### [Data to use]
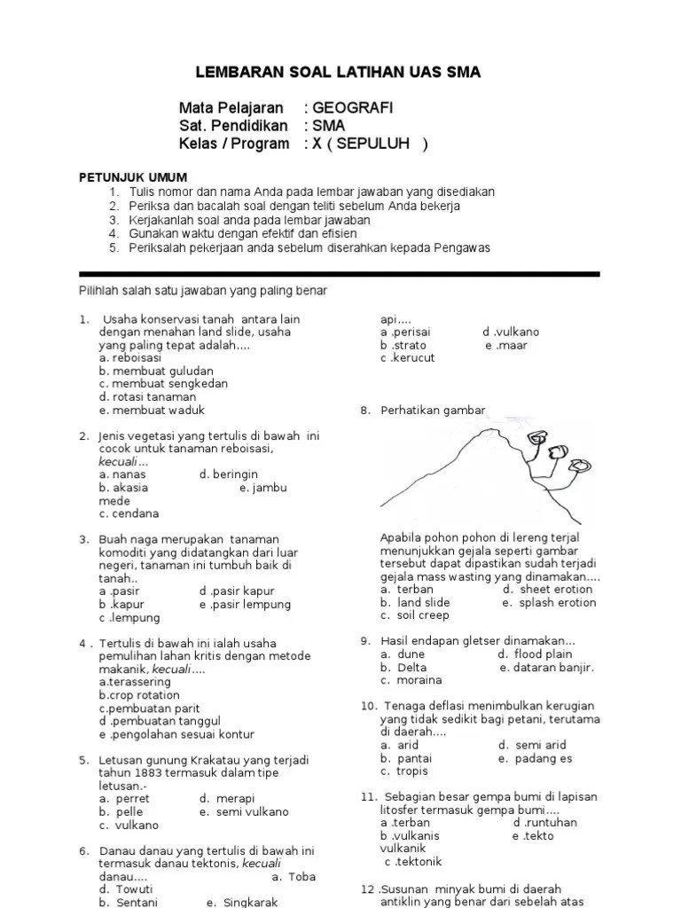 Melanjutkan contoh soal geografi kelas xii semester 1 beserta jawabannya bagian pertama, yang berisikan soal no.
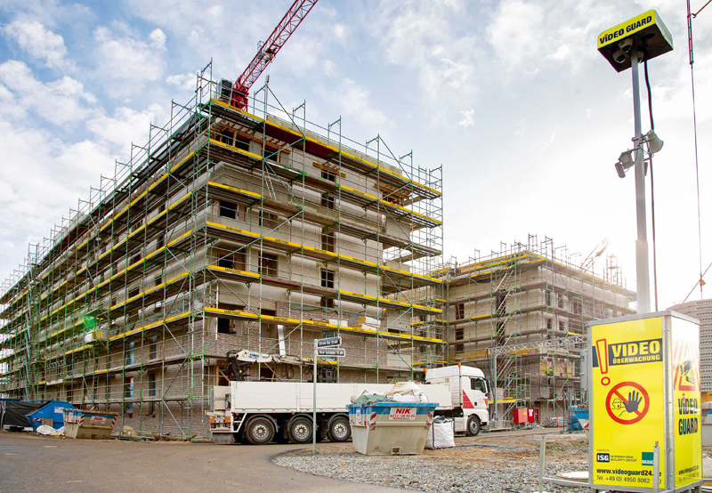 Denn gerade bei der modularen Bauweise mit Holz und Beton werden zahlreiche Krane eingesetzt, um die vorgefertigten Wand- und Deckenmodule zu montieren. Damit diese nicht beschädigt werden und weder Kraftstoff noch vergütungsfähige Metalle oder Maschinen entwendet werden, schützt »Video Guard« die Großbaustelle. Insgesamt fünf Türme sind auf dem Gelände platziert und überwachen die Zugangsbereiche, Container sowie abgestellte Baufahrzeuge. Durch das Zusammenspiel von drei Ultra-Lowlight-Kameras, mit unterschiedlichen Öffnungswinkeln, wird laut Maibach ein lückenloses Bild des Erfassungsbereichs erzeugt. Dadurch werden zuverlässig alle Vorkommnisse in einem Überwachungsradius von bis zu 5 300 m2 erfasst.
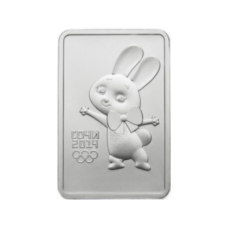 Реверс: рельефное изображение Зайки - официального талисмана XXII Олимпийских зимних игр 2014 года в городе Сочи, внизу слева в две строки – надпись: "СОЧИ" и дата: "2014", под ними – пять олимпийских колец.
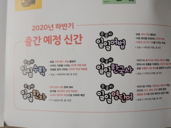 앞으로 수학, 어법, 한국사, 한자, 영단어까지 하반기 출간 예정이에요.
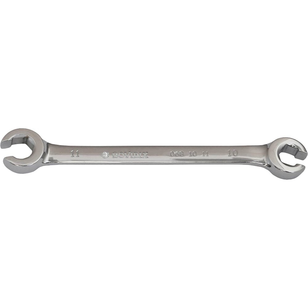 Разрезной ключ 10-11мм BOVIDIX 0681011 имеет двустороннюю конструкцию, внешне напоминает обыкновенный рожковый гаечный ключ. Данная модель служит для ремонта различных систем автомобиля, где применяются трубки и шланги.
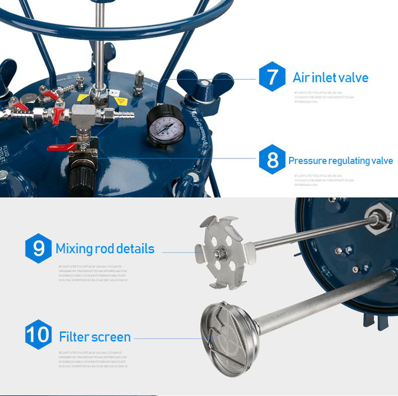 - Tất cả các nồi trộn sơn đều có tác dụng đựng sơn, dung dịch, khuấy đảo sơn và đẩy sơn lên súng.
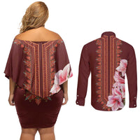 Africa Dashiki Couples Matching Off Shoulder Short Dress and Long Sleeve Button Shirt With Belladonna Lily
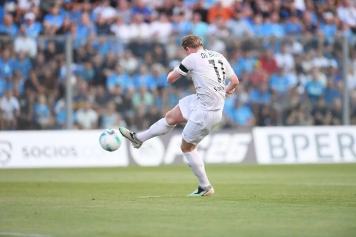 Kevin de Bruyne membawa bola dari tengah hingga ke depan kotak penalti sebelum memberikan ke Scott McTominay, yang kemudian menyodorkan bola ke Lorenzo Lucca.
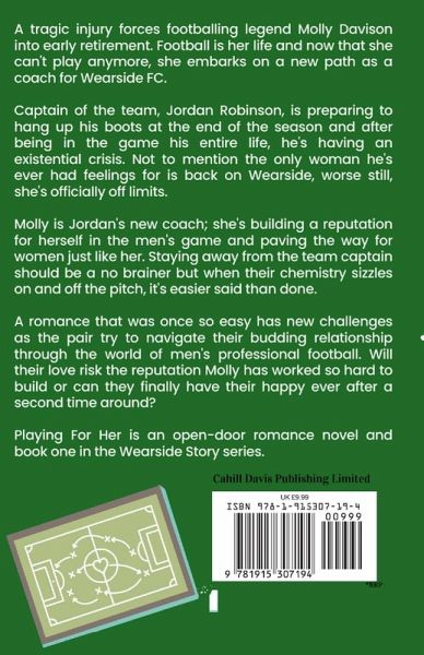 A tragic injury forces footballing legend Molly Davison into early retirement. Football is her life and now that she can't play anymore, she embarks on a new path as a coach for Wearside FC. Captain of the team, Jordan Robinson, is preparing to hang up his boots at the end of the season and after being in the game his entire life, he's having an existential crisis. Not to mention the only woman he's ever had feelings for is back on Wearside, worse still, she's officially off limits. Molly is Jordan's new coach; she's building a reputation for herself in the men's game and paving the way for women just like her. Staying away from the team captain should be a no brainer but when their chemistry sizzles on and off the pitch, it's easier said than done. A romance that was once so easy has new challenges as the pair try to navigate their budding relationship through the world of men's professional football. Will their love risk the reputation Molly has worked so hard to build or can they finally have their happy ever after a second time around? Playing For Her is an open-door romance novel and book 1 in the Wearside Story series.
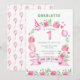 Pink Floral Balloons 1st First Birthday Invitation
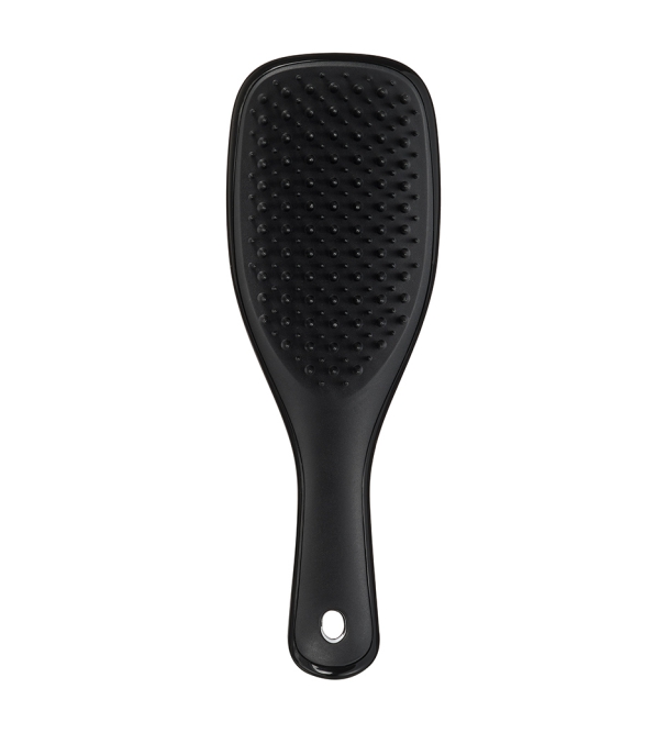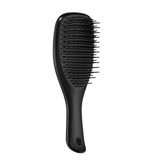 Расческа Tangle Teezer The Ultimate Detangler Mini Liquorice Black в стильном черном оттенке — мини-формат знаменитой модели The Ultimate Detangler. Запатентованные двухуровневые зубчики бережно распутывают влажные пряди, а также равномерно распределяют маски и бальзамы по волосам. Благодаря уменьшенному размеру расческу удобно брать с собой. Специальное отверстие на ручке позволяет прикрепить The Ultimate Detangler Mini к косметичке и иметь под рукой в любой ситуации. Результат применения — гладкие и блестящие волосы. Подходит для прямых и волнистых волос. Не используйте с феном.

### [What the exercise asks]
Up to and including the line containing "앞으로 수학, 어법, 한국사, 한자, 영단어까지 하반기 출간 예정이에요.", quote each line of the entries above from the very first, please, exactly and without images.

### [Result]
 Melanjutkan contoh soal geografi kelas xii semester 1 beserta jawabannya bagian pertama, yang berisikan soal no.
 Denn gerade bei der modularen Bauweise mit Holz und Beton werden zahlreiche Krane eingesetzt, um die vorgefertigten Wand- und Deckenmodule zu montieren. Damit diese nicht beschädigt werden und weder Kraftstoff noch vergütungsfähige Metalle oder Maschinen entwendet werden, schützt »Video Guard« die Großbaustelle. Insgesamt fünf Türme sind auf dem Gelände platziert und überwachen die Zugangsbereiche, Container sowie abgestellte Baufahrzeuge. Durch das Zusammenspiel von drei Ultra-Lowlight-Kameras, mit unterschiedlichen Öffnungswinkeln, wird laut Maibach ein lückenloses Bild des Erfassungsbereichs erzeugt. Dadurch werden zuverlässig alle Vorkommnisse in einem Überwachungsradius von bis zu 5 300 m2 erfasst.
 Реверс: рельефное изображение Зайки - официального талисмана XXII Олимпийских зимних игр 2014 года в городе Сочи, внизу слева в две строки – надпись: "СОЧИ" и дата: "2014", под ними – пять олимпийских колец.
 앞으로 수학, 어법, 한국사, 한자, 영단어까지 하반기 출간 예정이에요.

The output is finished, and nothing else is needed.